The negotiations have been stalled since March amid sharp differences between Tehran and Washington on the U.S. sanctions that would be lifted in exchange for Iran’s return to full compliance with the agreed limits to its nuclear activities.
Iran’s President Ebrahim Raisi visited Moscow in January, and said he had presented his counterpart Vladimir Putin with draft documents on strategic cooperation that would cement collaboration for the next two decades.
In late May, Russian Deputy Prime Minister Alexander Novak visited Tehran at the head of a large delegation after Russia’s operation in Ukraine sent global oil and gas prices soaring.
Meanwhile, new official figures from China show its oil imports from Russia soared, displacing Saudi Arabia as top supplier, while purchase of Iranian oil continued.

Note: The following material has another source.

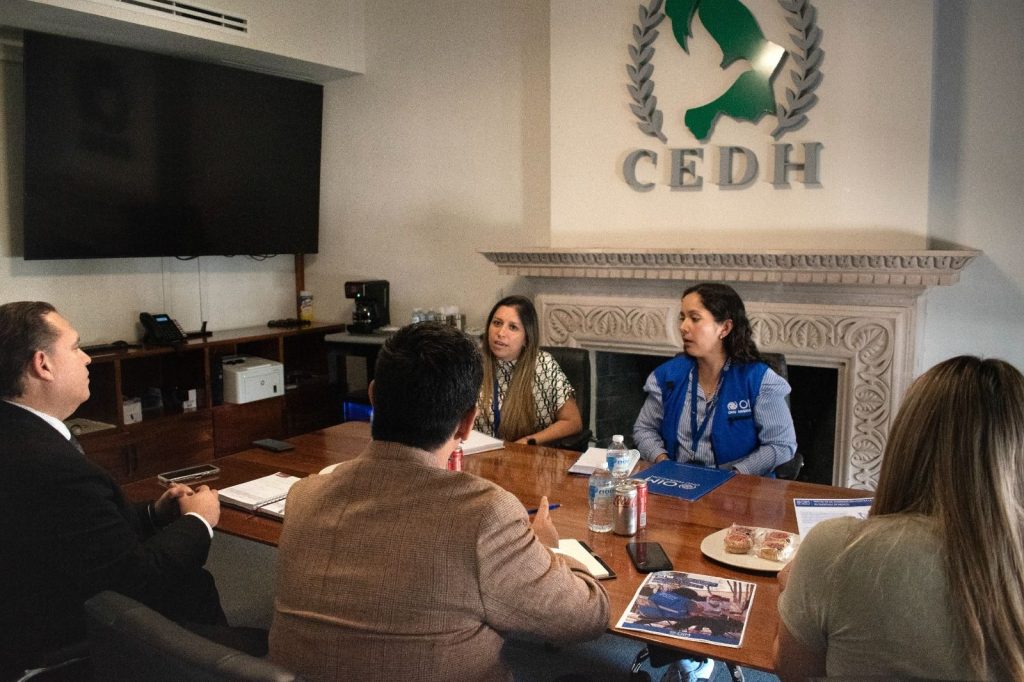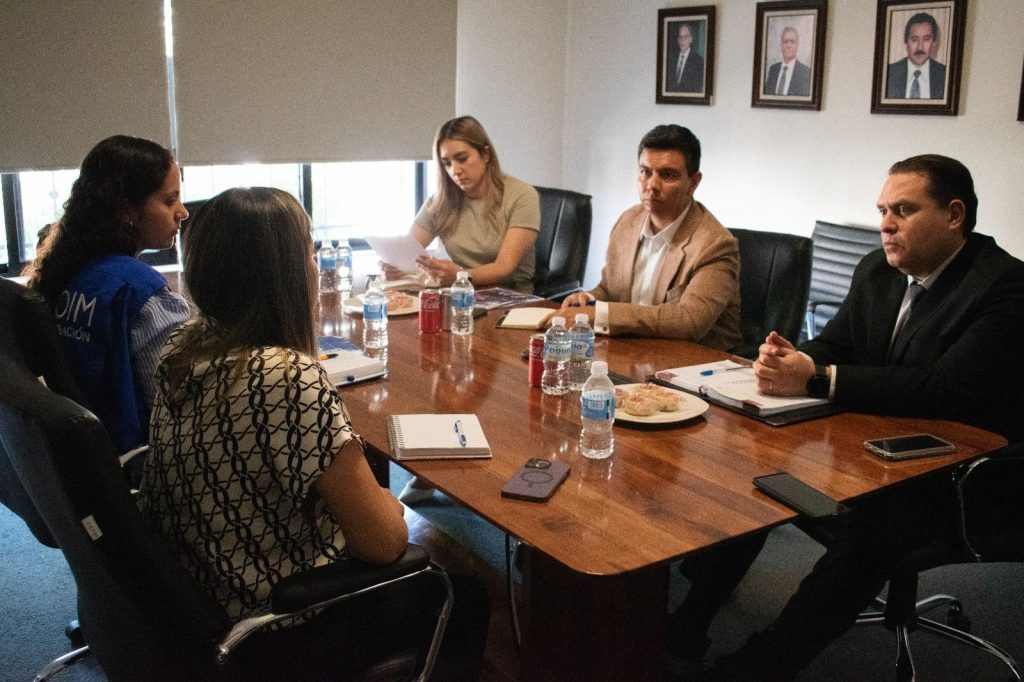 En la reunión estuvieron Vanessa Foronda, coordinadora de la Unidad contra la Trata de Personas y el Tráfico Ilícito de Migrantes y Anaiza Sánchez Hernández, asociada de Proyecto contra la Trata de Personas de la OIM, quienes fueron recibidas en representación del presidente de CEDH, Javier Gónzalez Mocken, por el secretario técnico, Gildardo Iván Félix Durán; el director jurídico, Sergio Ruiz Dávila y la titular de relaciones públicas, Ingrid Ramírez Baquera.

Imports of Russian oil, including supplies pumped via the East Siberia Pacific Ocean pipeline and seaborne shipments from Russia’s European and Far Eastern ports, totaled nearly 8.42 million tonnes, according to data from the Chinese General Administration of Customs.
That’s equivalent to roughly 1.98 million barrels per day (bpd) and up a quarter from 1.59 million bpd in April.
Customs data released on Monday also showed China imported 260,000 tonnes of Iranian crude oil last month, its third shipment of Iran oil since last December.
Despite U.S. sanctions on Iran, China has kept taking Iranian oil. The import levels are roughly equivalent to 7% of China’s total crude oil imports.
Previously Western reports had claimed that Iranian shipments to China had dropped by as much as 50 percent in May due to Russian competition, but the official Chinese figures, which show only a part of imports from Iran, do not indicate a drop.